When you call nlp on a text, spaCy first tokenizes the text to produce a Doc object. The Doc is then processed in several different steps – this is also referred to as the processing pipeline. The pipeline used by the trained pipelines typically include a tagger, a lemmatizer, a parser and an entity recognizer. Each pipeline component returns the processed Doc, which is then passed on to the next component.
![image.png](attachment:a32c193c-aa9b-40a6-b683-785264db9afb.png)

## Architecture
The central data structures in spaCy are the Language class, the Vocab and the Doc object. The Language class is used to process a text and turn it into a Doc object.
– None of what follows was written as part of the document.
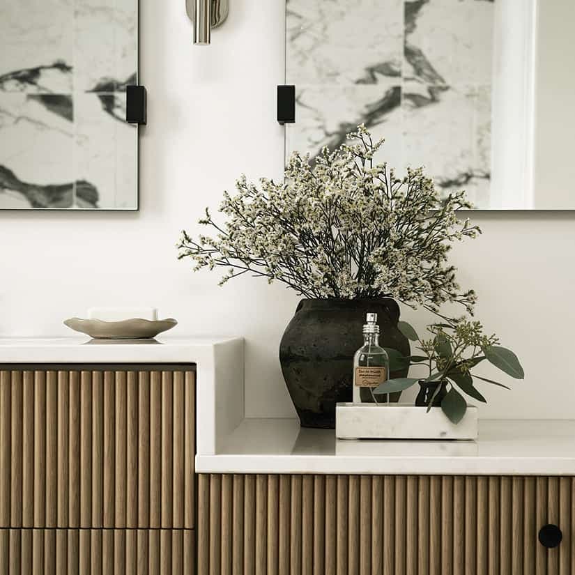 - Le meuble-lavabo aux façades en chêne blanc cannelé: une touche ultratendance qui apporte chaleur et texture à cet univers noir et blanc.

It’s typically stored as a variable called nlp. The Doc object owns the sequence of tokens and all their annotations. By centralizing strings, word vectors and lexical attributes in the Vocab, we avoid storing multiple copies of this data. This saves memory, and ensures there’s a single source of truth.

Text annotations are also designed to allow a single source of truth: the Doc object owns the data, and Span and Token are views that point into it. The Doc object is constructed by the Tokenizer, and then modified in place by the components of the pipeline. The Language object coordinates these components. It takes raw text and sends it through the pipeline, returning an annotated document. It also orchestrates training and serialization.

![image.png](attachment:3f71730c-294d-4a6c-b52b-b761bf529e0e.png)